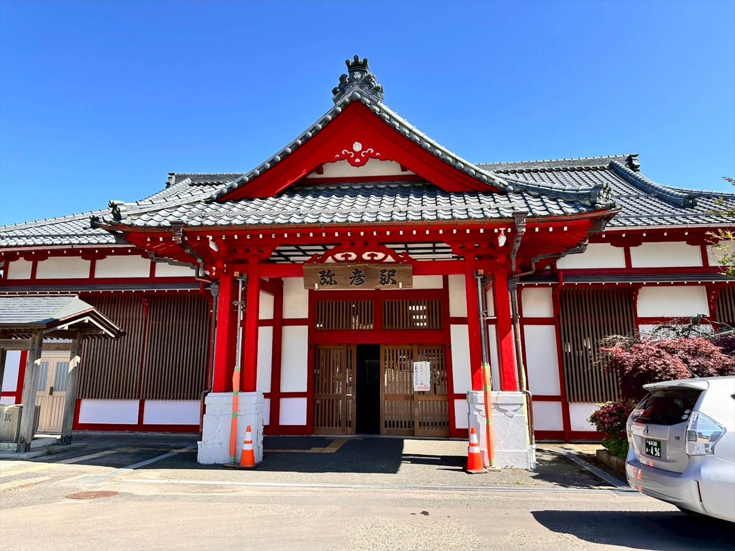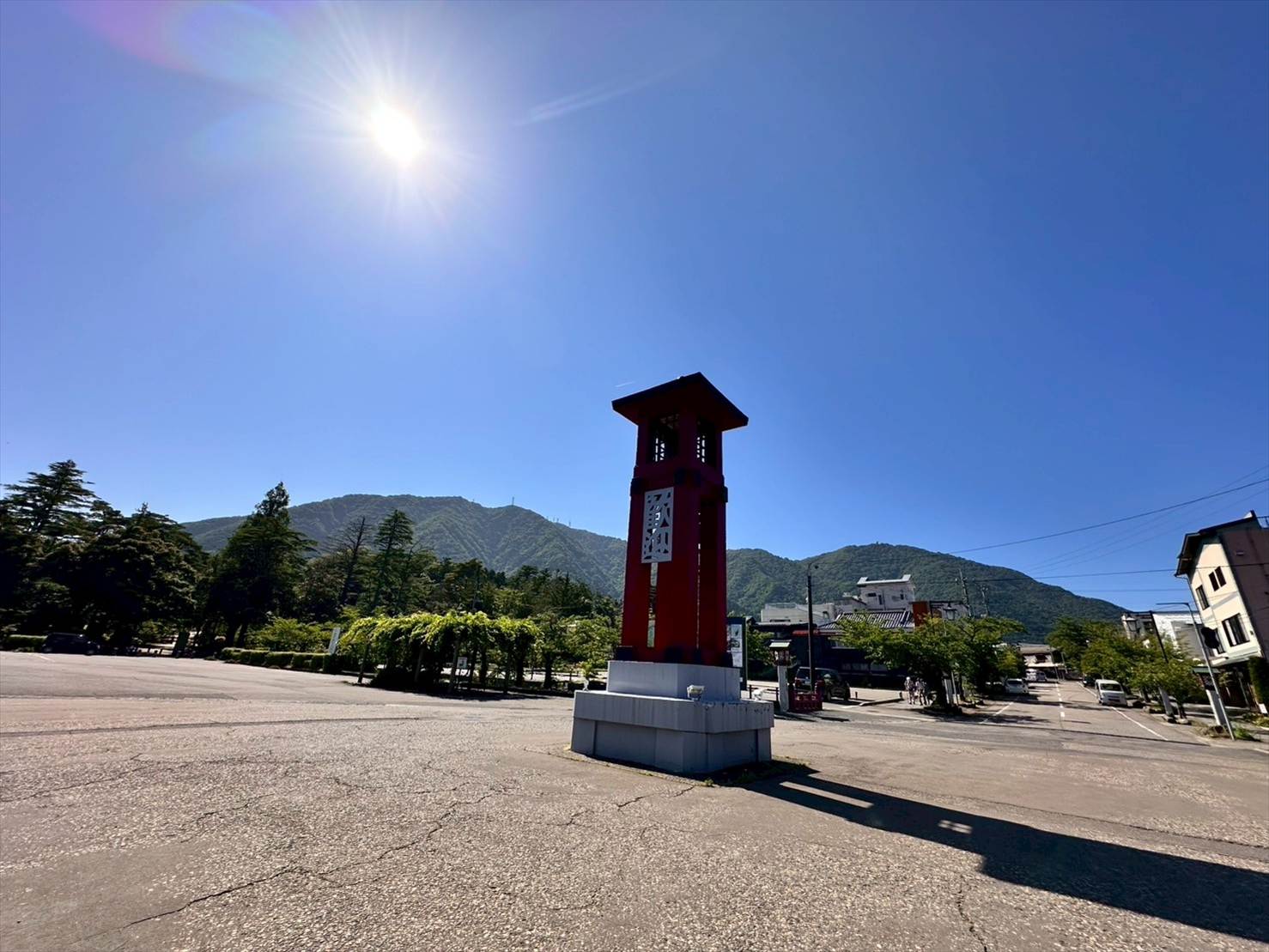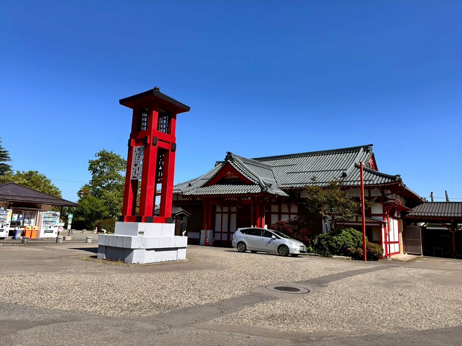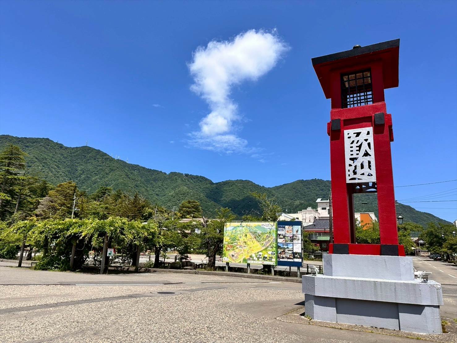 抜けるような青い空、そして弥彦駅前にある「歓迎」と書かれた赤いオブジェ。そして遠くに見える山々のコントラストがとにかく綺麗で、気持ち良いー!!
- - -
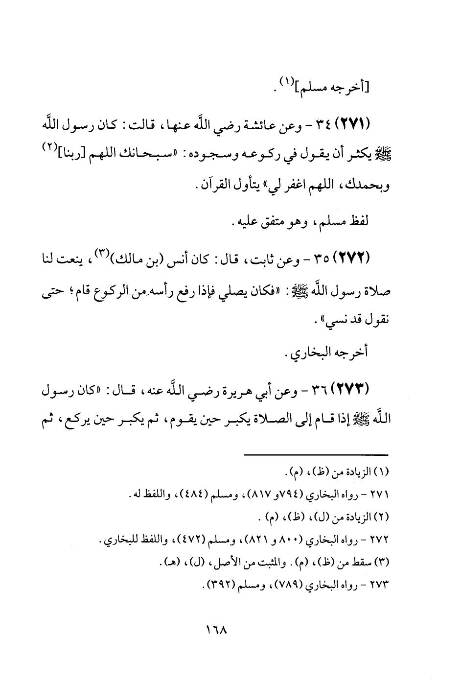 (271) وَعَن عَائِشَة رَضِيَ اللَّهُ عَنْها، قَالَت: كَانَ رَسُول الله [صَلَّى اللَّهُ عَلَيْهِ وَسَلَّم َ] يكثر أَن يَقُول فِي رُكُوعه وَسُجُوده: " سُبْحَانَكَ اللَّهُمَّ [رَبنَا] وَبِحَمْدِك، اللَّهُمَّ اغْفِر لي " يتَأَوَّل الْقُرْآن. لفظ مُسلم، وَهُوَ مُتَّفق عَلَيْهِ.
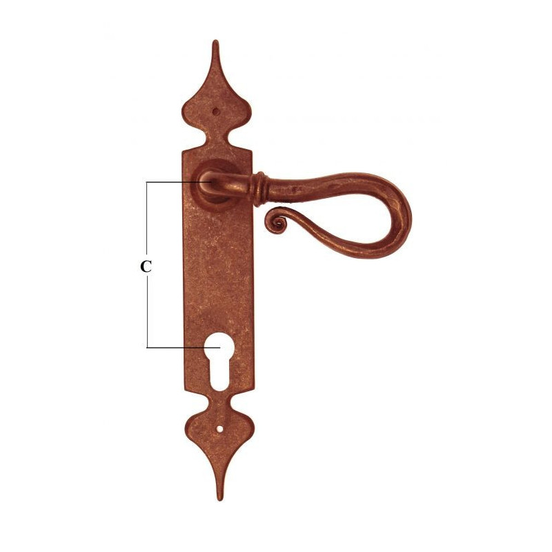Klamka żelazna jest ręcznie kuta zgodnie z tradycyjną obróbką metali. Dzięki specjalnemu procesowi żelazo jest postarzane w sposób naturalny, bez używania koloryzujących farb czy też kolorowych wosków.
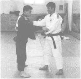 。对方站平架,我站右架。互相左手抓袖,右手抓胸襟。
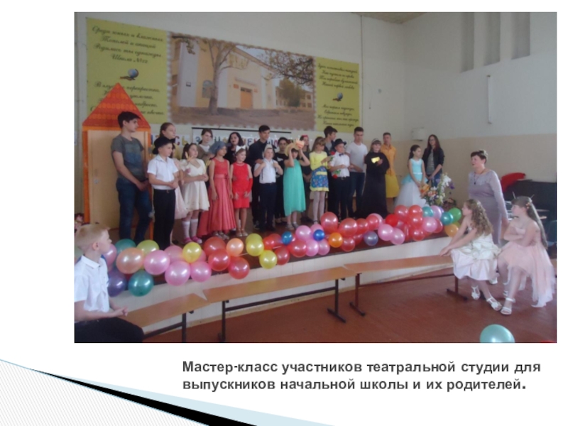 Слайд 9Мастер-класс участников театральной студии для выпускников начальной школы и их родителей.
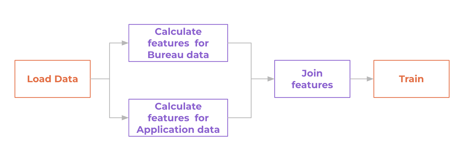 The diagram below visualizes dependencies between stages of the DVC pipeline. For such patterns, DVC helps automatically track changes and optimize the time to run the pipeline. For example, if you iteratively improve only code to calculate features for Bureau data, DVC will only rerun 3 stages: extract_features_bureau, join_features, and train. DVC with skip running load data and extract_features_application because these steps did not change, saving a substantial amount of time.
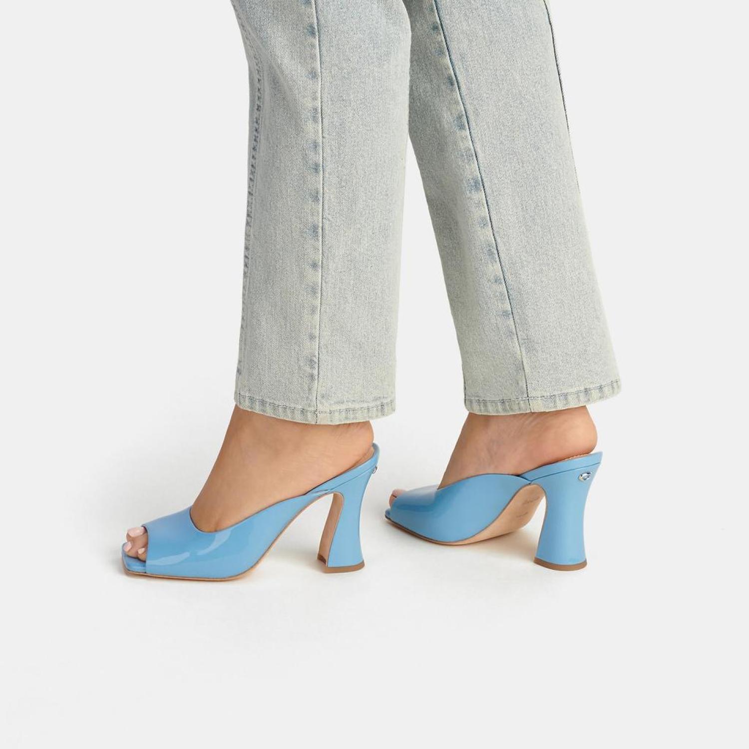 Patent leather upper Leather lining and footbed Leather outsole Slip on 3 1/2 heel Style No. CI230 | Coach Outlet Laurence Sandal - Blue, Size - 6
- - -
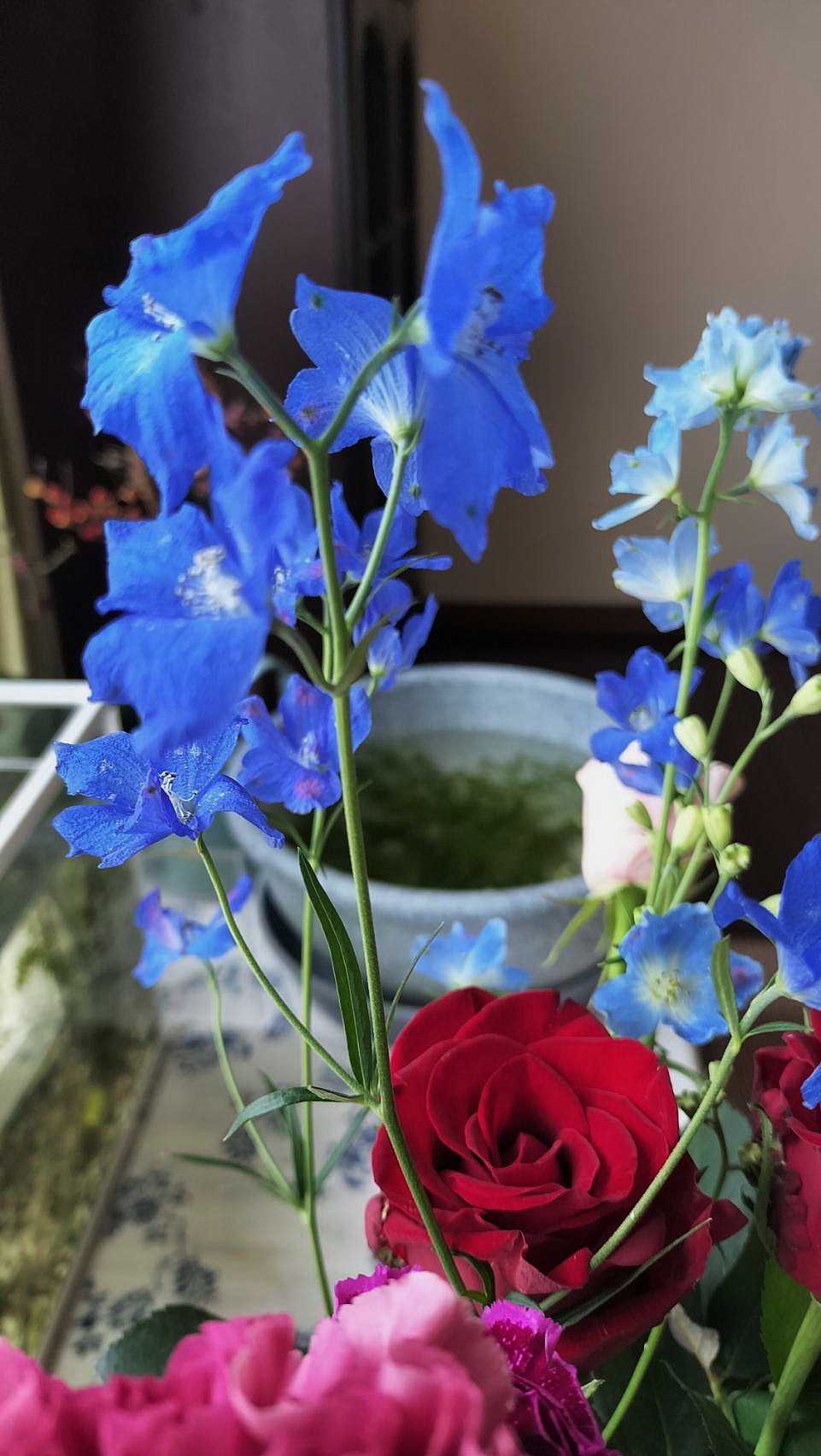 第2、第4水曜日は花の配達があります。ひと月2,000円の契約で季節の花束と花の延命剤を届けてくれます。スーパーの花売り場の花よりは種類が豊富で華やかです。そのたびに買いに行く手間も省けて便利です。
- - -
> _Your objective_
Once the line with "(271) وَعَن عَائِشَة" is found above, print it and every line after it through the line with "The diagram below", exactly. Pictures stay out.

> _Response area_
 (271) وَعَن عَائِشَة رَضِيَ اللَّهُ عَنْها، قَالَت: كَانَ رَسُول الله [صَلَّى اللَّهُ عَلَيْهِ وَسَلَّم َ] يكثر أَن يَقُول فِي رُكُوعه وَسُجُوده: " سُبْحَانَكَ اللَّهُمَّ [رَبنَا] وَبِحَمْدِك، اللَّهُمَّ اغْفِر لي " يتَأَوَّل الْقُرْآن. لفظ مُسلم، وَهُوَ مُتَّفق عَلَيْهِ.
Klamka żelazna jest ręcznie kuta zgodnie z tradycyjną obróbką metali. Dzięki specjalnemu procesowi żelazo jest postarzane w sposób naturalny, bez używania koloryzujących farb czy też kolorowych wosków.
 。对方站平架,我站右架。互相左手抓袖,右手抓胸襟。
 Слайд 9Мастер-класс участников театральной студии для выпускников начальной школы и их родителей.
 The diagram below visualizes dependencies between stages of the DVC pipeline. For such patterns, DVC helps automatically track changes and optimize the time to run the pipeline. For example, if you iteratively improve only code to calculate features for Bureau data, DVC will only rerun 3 stages: extract_features_bureau, join_features, and train. DVC with skip running load data and extract_features_application because these steps did not change, saving a substantial amount of time.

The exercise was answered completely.